The Virgin Islands Bar Association has presented a wide-ranging draft resolution to the American Bar Association urging its House of Delegates in their meeting next week to
temporarily cancel in-person administrations of the bar examination and to not administer any other in-person bar examination during the COVID-19 pandemic until and unless public health authorities determine that the examination can be administered in a manner that ensures the health and safety of bar applicants, proctors, other staff, and local communities.

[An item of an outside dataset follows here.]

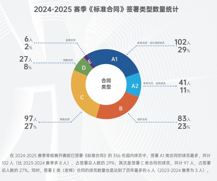 在2024-2025赛季常规赛开赛前已签署《标准合同》的356名国内球员中,签署A1类合同的球员最多,共计102人(比 2023-2024赛季多8人),占签署总人数的29%;其次是签署C类合同的球员,共计97人,占签署总人数的27%。同时,签署E类(老将)合同的球员数量也是达到了历年最多的6人(2023-2024 赛季为3人)。
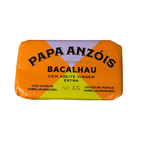 Portugal is world famous for its bacahau, where Cod cheeks are a known delicacy. This tin from Papa Anzóis embraces the revival of artisanal fish canning tradition from the region.

The VI Bar is also calling on the ABA body to urge courts and bar admission authorities in jurisdictions where there are public health concerns to establish temporary licensing procedures (including potentially a “form of diploma privilege”) to allow new law graduates to be able to practice. They are additionally asking that all online bar examinations be paused until the software can be tested and clear instructions can be given to the test takers well in advance of the exam date. In jurisdictions where remote bar examinations are planned they are asking the ABA to support reasonable accommodations for all test takers who will suffer hardship from having to take the exam online such as people with disabilities, parents who are primary caregivers for their children, or people who do not have access to quiet areas to take the exam.
Although there has been much controversy in many states about the current round of in-person and online bar examinations in the midst of the COVID-19 pandemic, with associations of recent graduates like United for Diploma Privilege arguing strenuously for immediate licensing of 2020 law graduates, the proposed resolution is not expected to pass the ABA House.